Wednesday, November 24, 2004

How many projects is too much?

Frank Patrick has an interesting question up about how many projects can a project manager handle? He's inviting comments from other people.

I know that there have been times in my career when I have reached that limit - and motored on past it. Some people reach that sooner than others, and everyone reacts differently when they get there.

Personally I found that I relied too much on my personal ability to stay on top of everything, keeping it all in my head so to speak. When I reached my limit, my projects started getting out of control, and I couldn't seem to get on top of them.

The answer (for me) lay in being completely disciplined in how I manage projects, whether handling one or many, mainly because you never know when you will reach your limit. That discipline meant that I never lost my way, and when I was overloaded, I could more easily share the workload with my team and other project managers.

Another key was learning when to 'push back', and let my boss know that I was sceptical of my ability to handle more work. That often helped, because then we could negotiate what I needed to do, and he could help me by re-prioritising internal projects or working out where a client could be accomodated differently, or handled by someone else's team.

Monday, November 22, 2004

Software Building Angst

It's funny how it doesn't take software developers long to find out that sometimes clients are a pain. I mean, they don't know what they want, but they do want something, they don't like the boundaries you put around their problems ... they just want you to solve their problems (cheaply, quickly and well).

Robert DW has two interesting articles about this phenomenon, the first is If Architects Had To Work Like Web Designers... and the second is Software is too expensive too build cheaply.

However, if you've ever hired an architect, or a designer (any sort) you quickly realise that it is really hard making up your mind about subjects outside your experience/skillset, but still important to you.

The closest most software developers get to this is when they get help designing their website, or their corporate logo/design. Now if you get someone who isn't really interested in doing a great job, then the process is easy, but the end result is a logo that looks amateurish, or a website that just doesn't bring in new business, or impress clients.

A good designer can be a pain to work with, because they make you think about what you want, educate you about what is good/bad and mostly seem to get you to do all the creative work for them. A great designer reads your mind and does this without hassling you by the sort of mental osmosis that has to be seen to be believed (or maybe they're just plain lucky).
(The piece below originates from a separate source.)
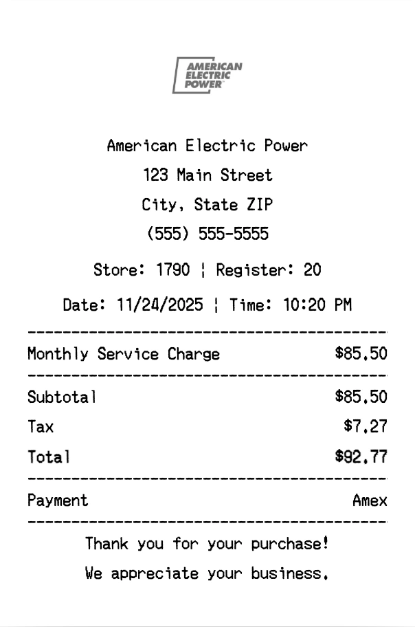Create authentic American Electric Power receipts instantly. Our free receipt generator produces professional energy receipts with company logo, itemized purchases, tax calculations, and payment details. Perfect for expense tracking, reimbursement, and documentation. Download high-quality PNG receipts in seconds.

Bad designers just give you their best attempt at a design that they think looks 'kewl'.

Pay attention software developers, this is the mirror image of what our clients experience. They ask for a simple order tracking system, and we bombard them with questions about the datatype of an order ID, the scope of a business process and a dozen other questions that they feel (rightly or wrongly) we should already know the answers to (if you're claiming to be an industry expert, they may be right about these).

I think one of the keys to being a great software developer (other than being graceful in the face of difficult clients) is to learn how to help your clients find out what they really want.
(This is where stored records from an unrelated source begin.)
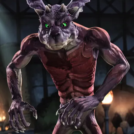 Scooby-Doo_Demon,furry,bunny,monster,rabbit ears,skinny,violet skin,wine red chest,green eyes,black pupils,realistic
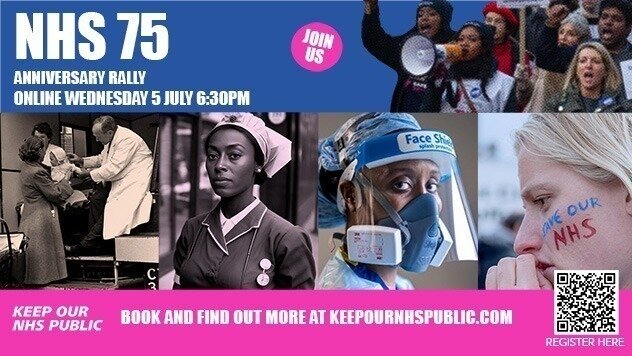 Our NHS at 75 online rally (please register in advance here) will focus on how vital it is that we mark the 75th Anniversary by using the spotlight under which the NHS will fall this year to make our demands and organise to save our NHS
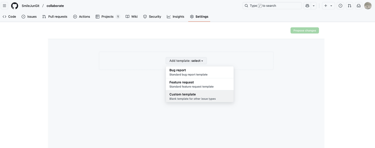Add template : select을 누르면 Bug, Feature, Custom template을 선택할 수 있다. 해당하는 이슈의 template을 각각 설정할 수 있다.
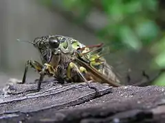 The song made by cicadas is the loudest noise made by any insect. Male chorus cicadas produce a communication song that is specific to their species, and so species can be identified by their song. A pulse group of their song is made up of five clicks where the central click (third click) is stronger than the two on either side of it. The central click can become two clicks if the cicada is tired and has no energy.[5] These clicks are made by the cicada hitting its wings against the surface it is sitting on. These pulse groups can be produced quickly and continuously in a prolonged note during chorus singing. Chorus cicadas are New Zealand's largest cicadas, with size averaging 40 mm.[6]
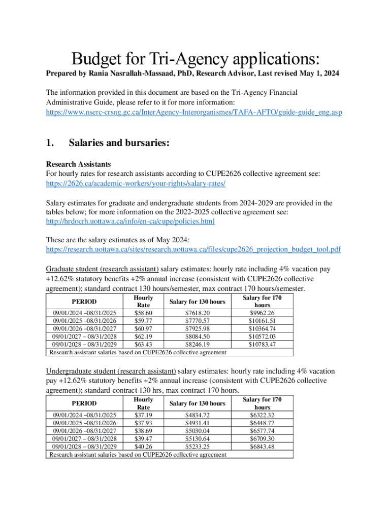 Budget for TriAgency applications: Prepared by Rania NasrallahMassaad, PhD, Research Advisor, Last revised May 1, 2024 The information provided in this document are based on the TriAgency Financial

Back when I was at uni, they called this needs analysis, and told us young aspiring developers how clients might know what they want, but we were supposed to tell them what they needed. Like a lot of academic advice, that is partly true (a client doesn't always want the right things) and partly bull-dung (the customer is paying you to do what they want). I've put my foot in it a couple of times, telling clients that they needed X when they had asked for Y ... it's bad for business, not to mention rude.

The customer is always right, even when they're wrong. A software developer should make sure that it's not their own incorrect assumptions and biases that are wrong, as often the problem is an ego issue rather than a dumb client.

So don't just client-bash when they don't seem to get it and be willing to take the blame for something you've done wrong, and you're on the road to becoming a better software developer.

Wednesday, November 17, 2004

Iraqi Soldiers - "We have been silent enough."

The Washington Post has an interesting article (registration required) interviewing some of the Iraqi soldiers fighting in Fallujah.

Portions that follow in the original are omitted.